• **Given information**

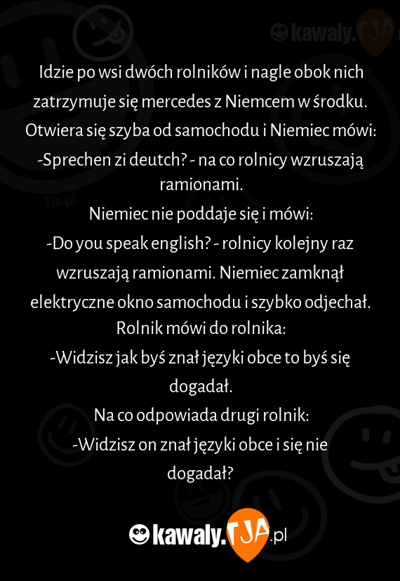 -Do you speak english? - rolnicy kolejny raz wzruszają ramionami. Niemiec zamknął elektryczne okno samochodu i szybko odjechał. Rolnik mówi do rolnika:
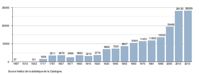 - (ca) Institut de la statistique de Catalogne (Institut d'Estadistica de Catalunya), Idescat. Cens de poblacio i habitatges Sitges. Poblacio per sexe. Consulté le 17 novembre 2016.
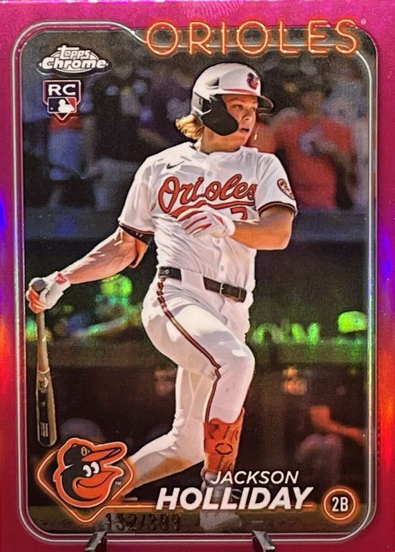 The Jackson Holliday 2024 Topps Chrome Update #USC200 Magenta Refractor /399 Rookie card in Raw condition has moved down -$2.50 (-20.0%) in the last 30 days and was last sold for $10.00 .
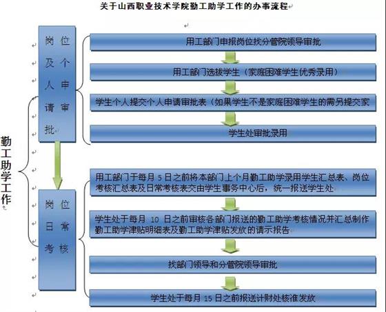 第四条 万象城官网学生的勤工助学活动由学生资助管理中心统一管理,下设勤工助学工作岗位。任何学生个人、团体或用工单位未经学院主管部门许可,不得在校园范围内招聘学生参加勤工助学活动。学生私自在校外打工的行为,不在本办法规定之列。

• **Work item**
Repeat, word for word and with no pictures, only the lines running from the beginning of the data to the line that contains "- (ca) Institut".

• **Exercise output**
 -Do you speak english? - rolnicy kolejny raz wzruszają ramionami. Niemiec zamknął elektryczne okno samochodu i szybko odjechał. Rolnik mówi do rolnika:
 - (ca) Institut de la statistique de Catalogne (Institut d'Estadistica de Catalunya), Idescat. Cens de poblacio i habitatges Sitges. Poblacio per sexe. Consulté le 17 novembre 2016.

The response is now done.